◆ **Requirement**: From the line containing "Een bekende Slechtvalk" to the last line of the data, both included, transcribe each line exactly, leaving out pictures and adding nothing.
# # # #
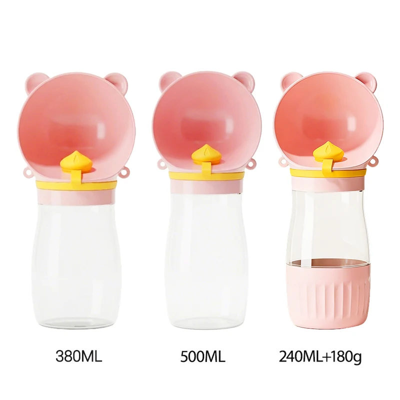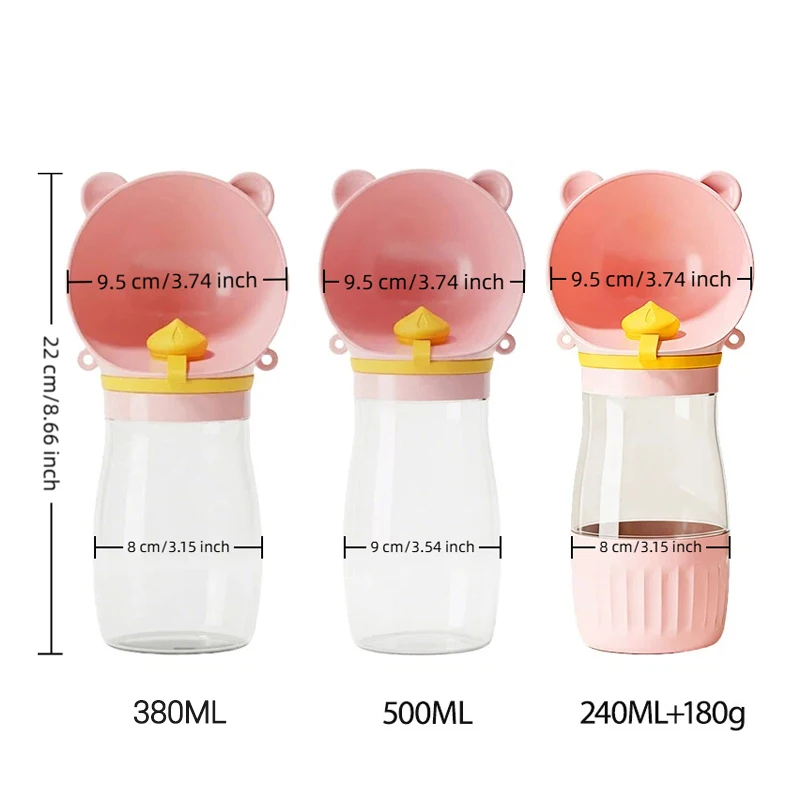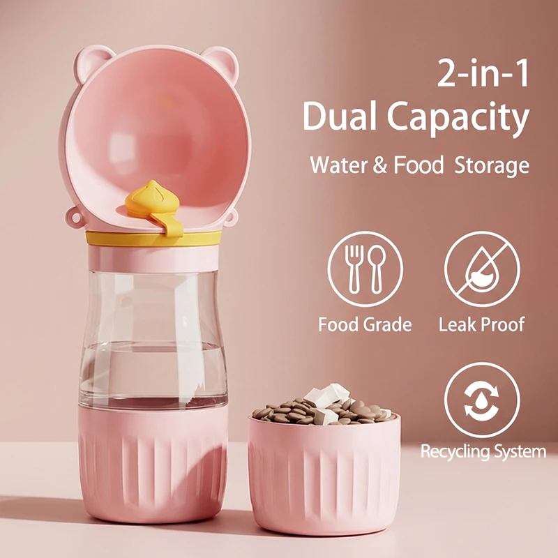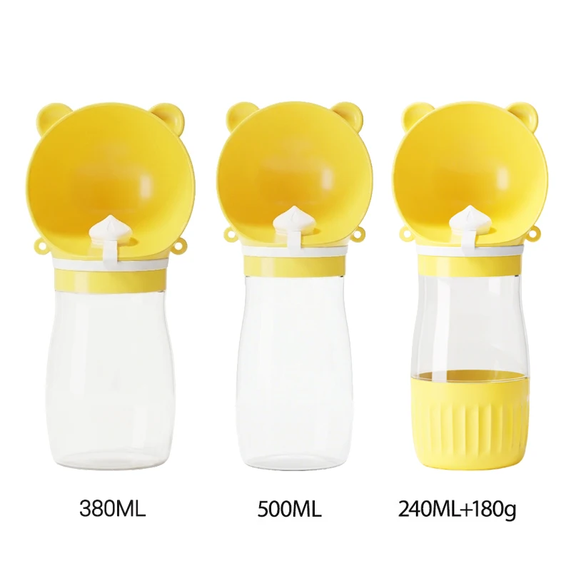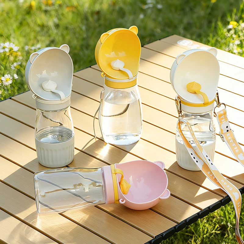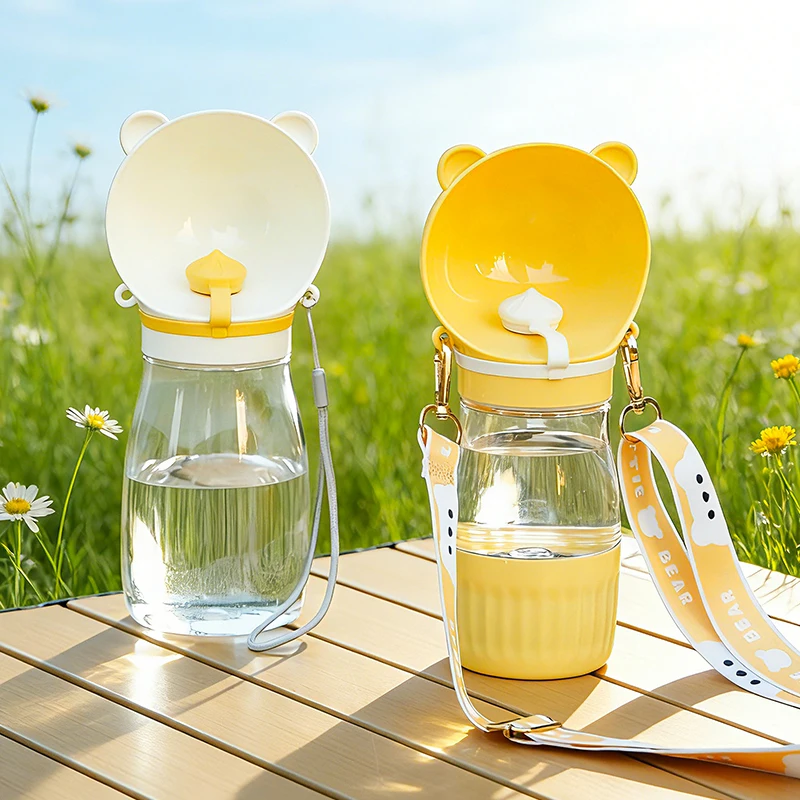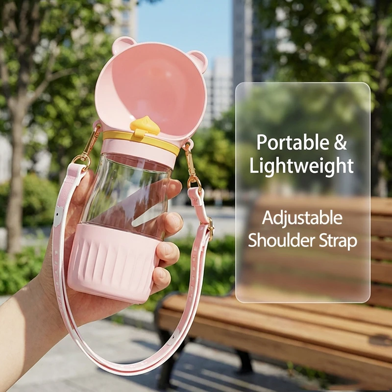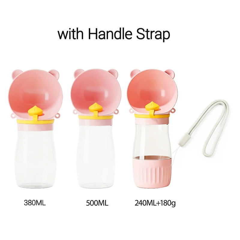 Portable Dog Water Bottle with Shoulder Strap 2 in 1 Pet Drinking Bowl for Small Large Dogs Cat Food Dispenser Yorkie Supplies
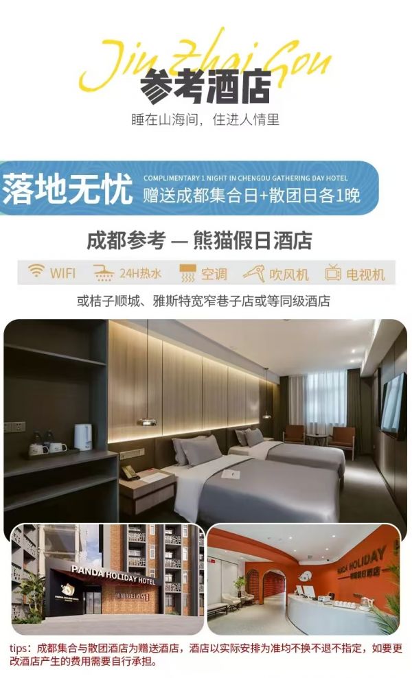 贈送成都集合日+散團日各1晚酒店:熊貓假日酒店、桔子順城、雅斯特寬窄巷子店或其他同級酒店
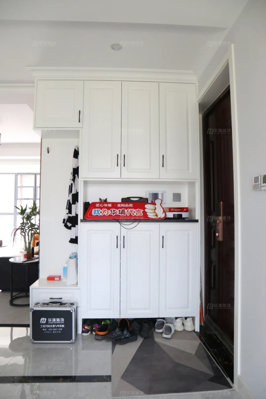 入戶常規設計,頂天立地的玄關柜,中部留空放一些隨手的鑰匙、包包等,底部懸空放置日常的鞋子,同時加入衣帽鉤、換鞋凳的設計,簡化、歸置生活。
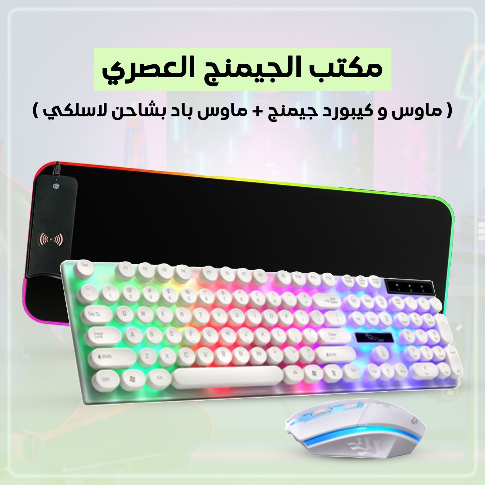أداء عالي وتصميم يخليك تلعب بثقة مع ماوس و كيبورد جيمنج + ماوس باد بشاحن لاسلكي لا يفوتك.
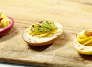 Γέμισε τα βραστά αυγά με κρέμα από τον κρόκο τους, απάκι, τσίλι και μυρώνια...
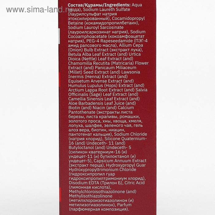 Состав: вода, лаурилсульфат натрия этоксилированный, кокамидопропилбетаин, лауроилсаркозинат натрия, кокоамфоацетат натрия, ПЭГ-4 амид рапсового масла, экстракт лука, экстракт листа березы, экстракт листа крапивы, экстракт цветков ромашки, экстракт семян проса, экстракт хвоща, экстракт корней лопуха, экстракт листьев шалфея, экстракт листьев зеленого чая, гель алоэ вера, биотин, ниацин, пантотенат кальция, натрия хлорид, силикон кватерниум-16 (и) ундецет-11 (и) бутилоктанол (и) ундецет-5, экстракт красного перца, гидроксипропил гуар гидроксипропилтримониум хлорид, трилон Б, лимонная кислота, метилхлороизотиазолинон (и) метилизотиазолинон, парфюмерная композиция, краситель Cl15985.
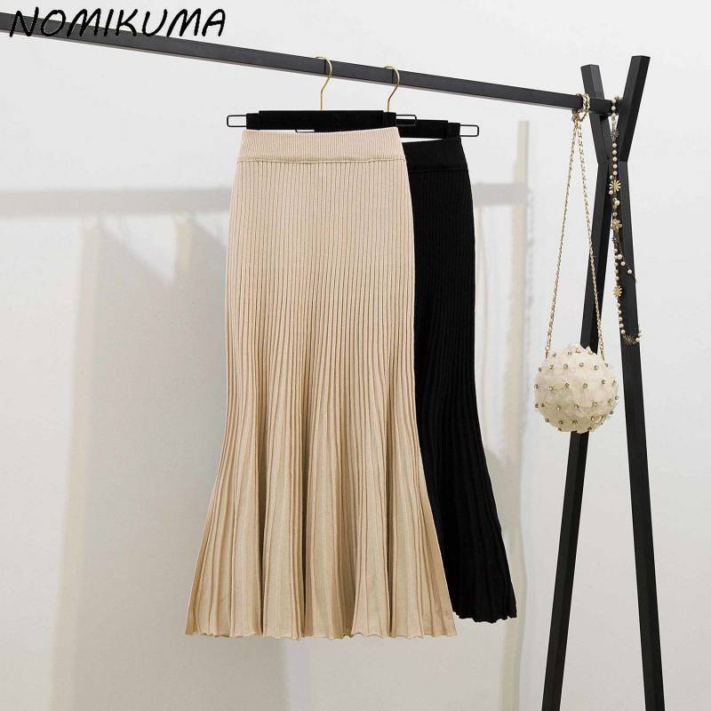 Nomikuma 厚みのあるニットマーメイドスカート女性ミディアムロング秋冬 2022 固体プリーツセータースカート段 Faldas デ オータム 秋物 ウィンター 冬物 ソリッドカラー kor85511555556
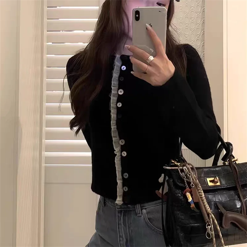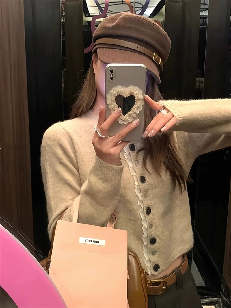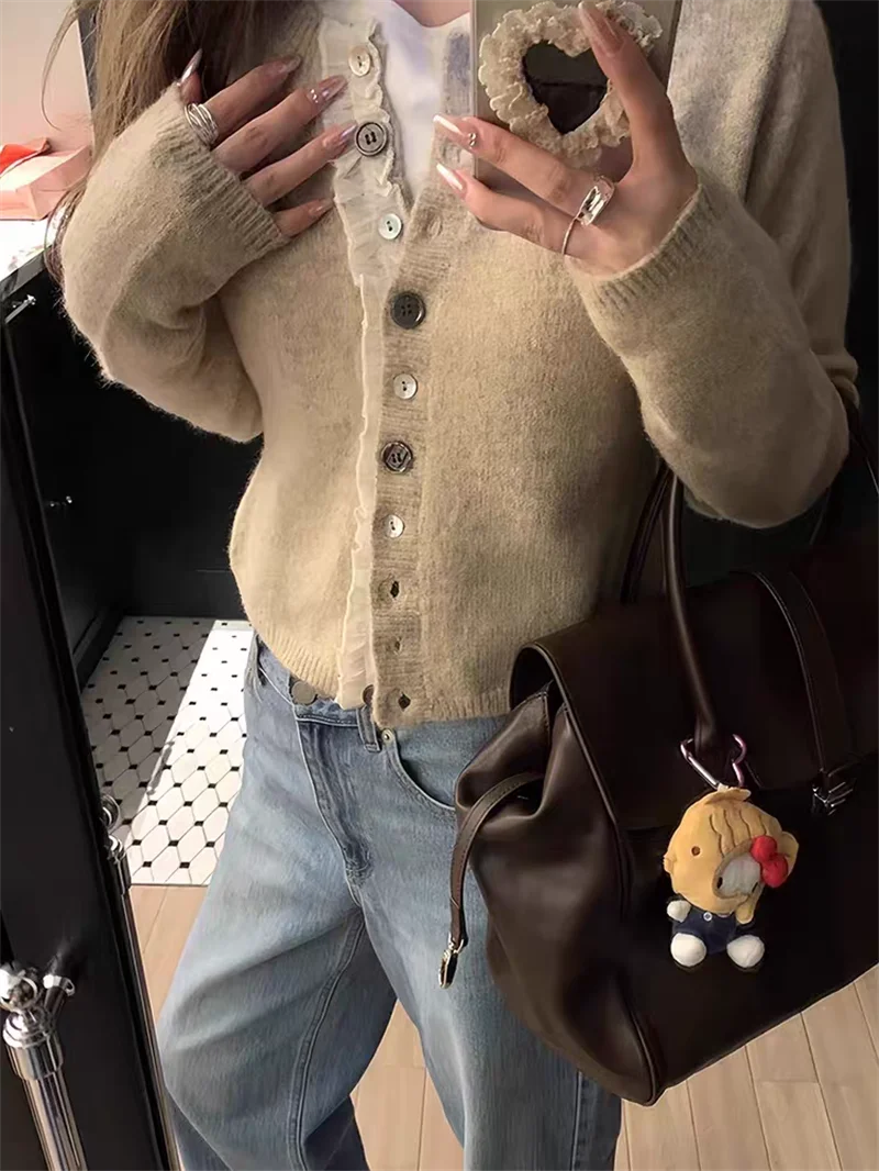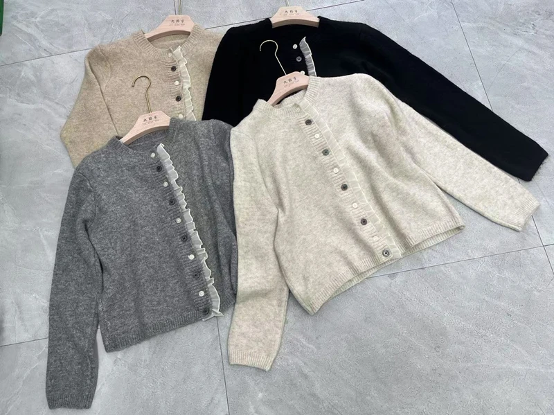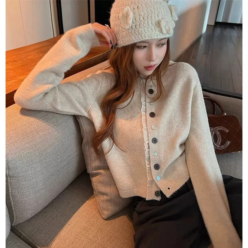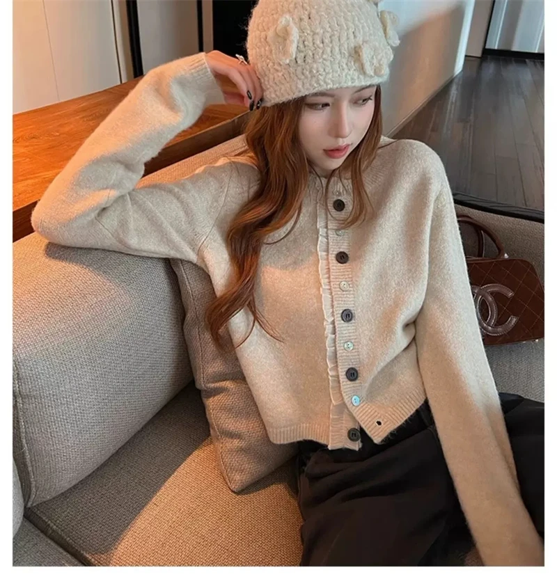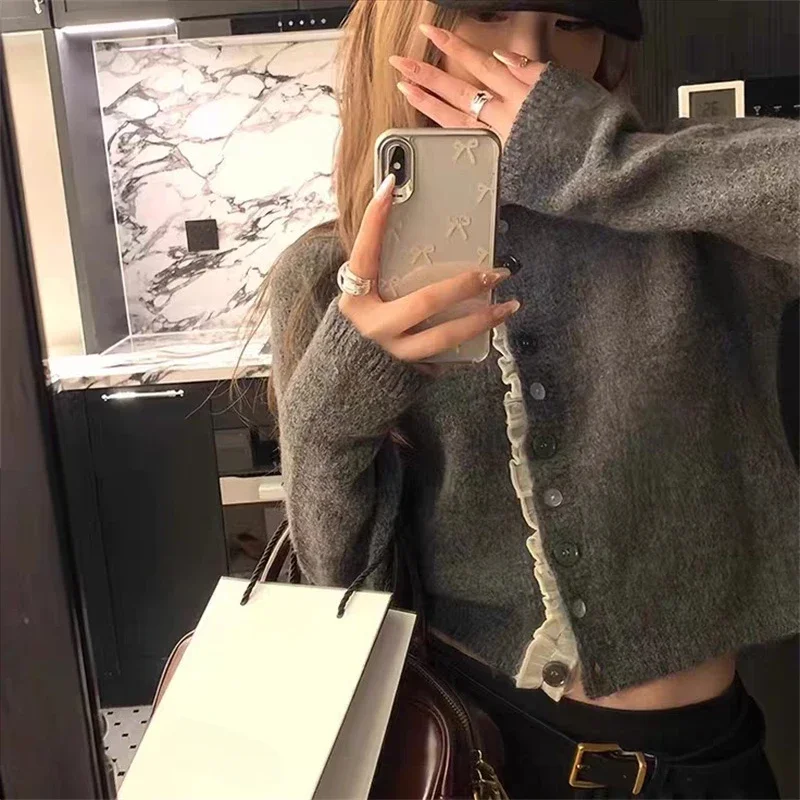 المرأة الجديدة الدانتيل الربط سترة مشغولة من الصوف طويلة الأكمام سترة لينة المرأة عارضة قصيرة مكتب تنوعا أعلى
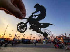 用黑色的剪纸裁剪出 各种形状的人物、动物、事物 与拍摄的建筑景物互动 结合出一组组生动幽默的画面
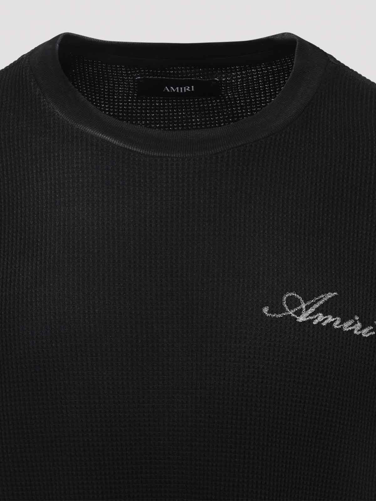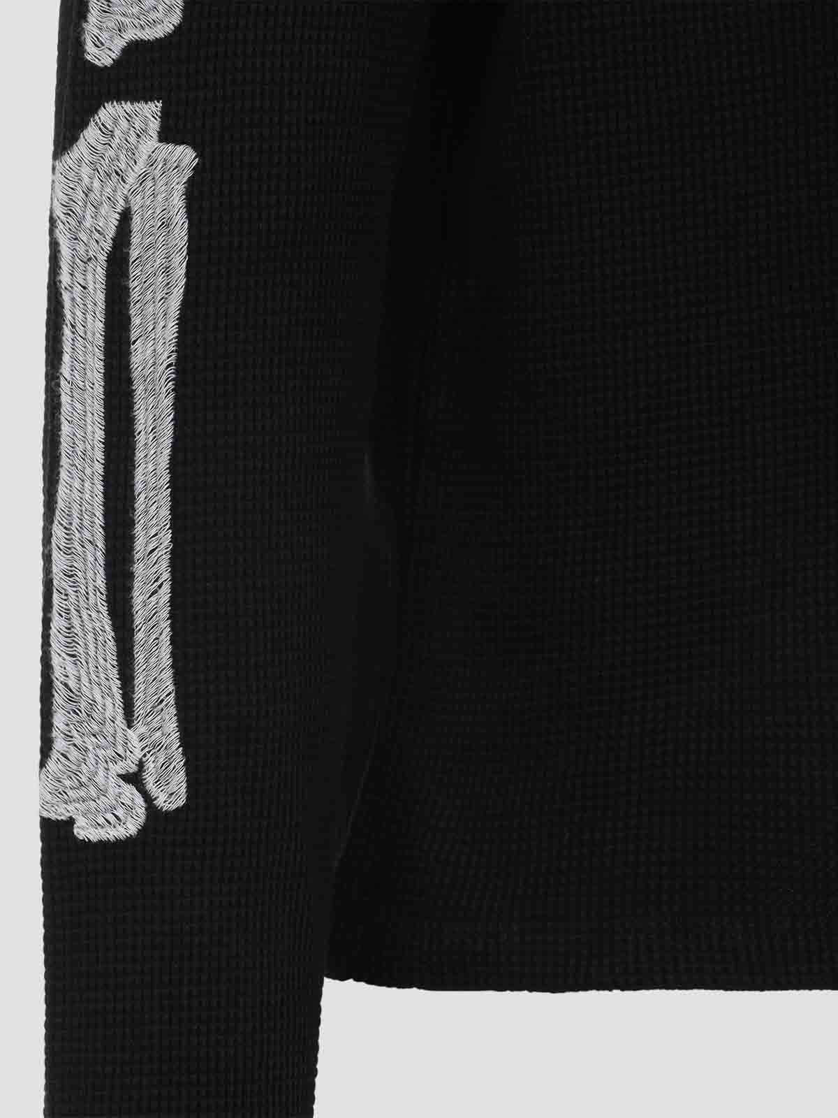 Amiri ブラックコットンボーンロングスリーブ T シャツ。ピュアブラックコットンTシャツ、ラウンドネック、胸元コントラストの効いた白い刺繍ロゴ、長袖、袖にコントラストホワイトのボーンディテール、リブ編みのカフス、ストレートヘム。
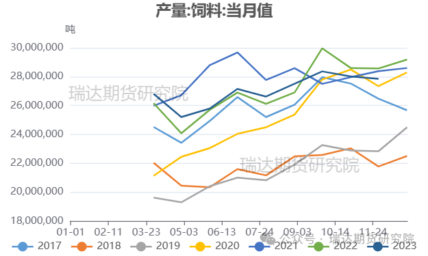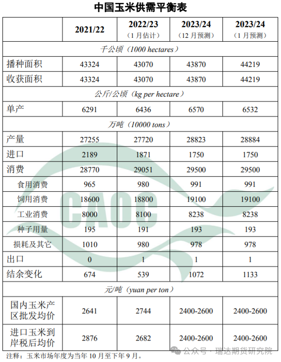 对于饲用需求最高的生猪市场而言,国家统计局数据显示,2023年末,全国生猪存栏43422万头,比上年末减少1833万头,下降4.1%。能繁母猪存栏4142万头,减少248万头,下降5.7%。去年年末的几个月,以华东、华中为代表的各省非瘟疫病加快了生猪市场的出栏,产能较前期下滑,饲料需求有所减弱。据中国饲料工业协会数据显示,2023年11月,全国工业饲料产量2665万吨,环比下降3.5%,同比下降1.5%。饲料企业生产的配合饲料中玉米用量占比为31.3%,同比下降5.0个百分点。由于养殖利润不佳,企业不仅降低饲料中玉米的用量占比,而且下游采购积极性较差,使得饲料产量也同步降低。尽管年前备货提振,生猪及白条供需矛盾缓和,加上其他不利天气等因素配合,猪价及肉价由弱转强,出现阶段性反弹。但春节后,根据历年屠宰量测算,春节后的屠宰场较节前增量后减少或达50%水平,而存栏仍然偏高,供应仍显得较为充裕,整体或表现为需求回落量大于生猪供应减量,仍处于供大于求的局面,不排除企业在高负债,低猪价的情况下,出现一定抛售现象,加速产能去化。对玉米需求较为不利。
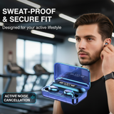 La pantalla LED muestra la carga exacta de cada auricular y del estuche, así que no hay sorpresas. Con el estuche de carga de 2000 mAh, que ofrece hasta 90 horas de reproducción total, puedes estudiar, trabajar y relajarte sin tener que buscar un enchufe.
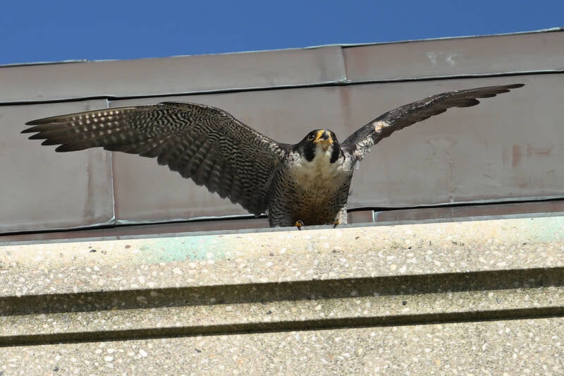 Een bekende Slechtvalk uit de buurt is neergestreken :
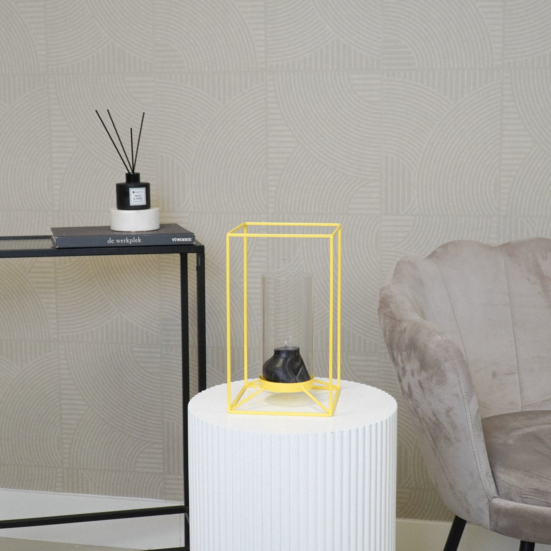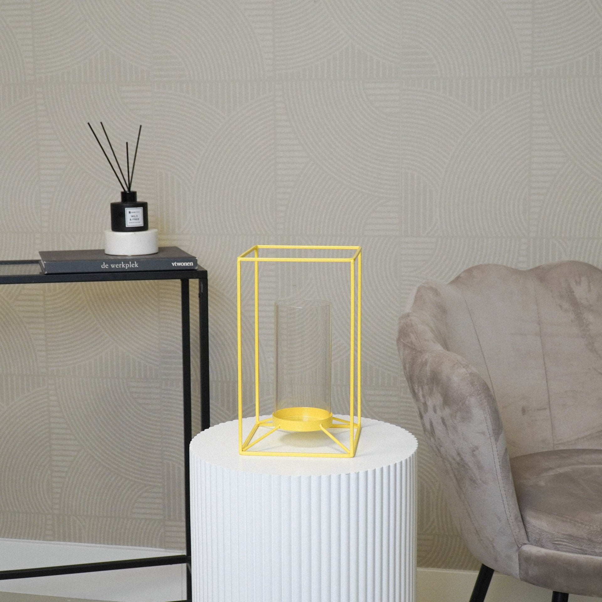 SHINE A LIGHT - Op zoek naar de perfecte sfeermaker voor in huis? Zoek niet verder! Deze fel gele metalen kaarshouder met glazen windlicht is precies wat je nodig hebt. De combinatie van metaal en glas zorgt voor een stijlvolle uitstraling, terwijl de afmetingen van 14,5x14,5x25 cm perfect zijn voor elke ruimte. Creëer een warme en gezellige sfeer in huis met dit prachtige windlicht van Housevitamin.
# # # #
◆ **Result**:
 Een bekende Slechtvalk uit de buurt is neergestreken :
 SHINE A LIGHT - Op zoek naar de perfecte sfeermaker voor in huis? Zoek niet verder! Deze fel gele metalen kaarshouder met glazen windlicht is precies wat je nodig hebt. De combinatie van metaal en glas zorgt voor een stijlvolle uitstraling, terwijl de afmetingen van 14,5x14,5x25 cm perfect zijn voor elke ruimte. Creëer een warme en gezellige sfeer in huis met dit prachtige windlicht van Housevitamin.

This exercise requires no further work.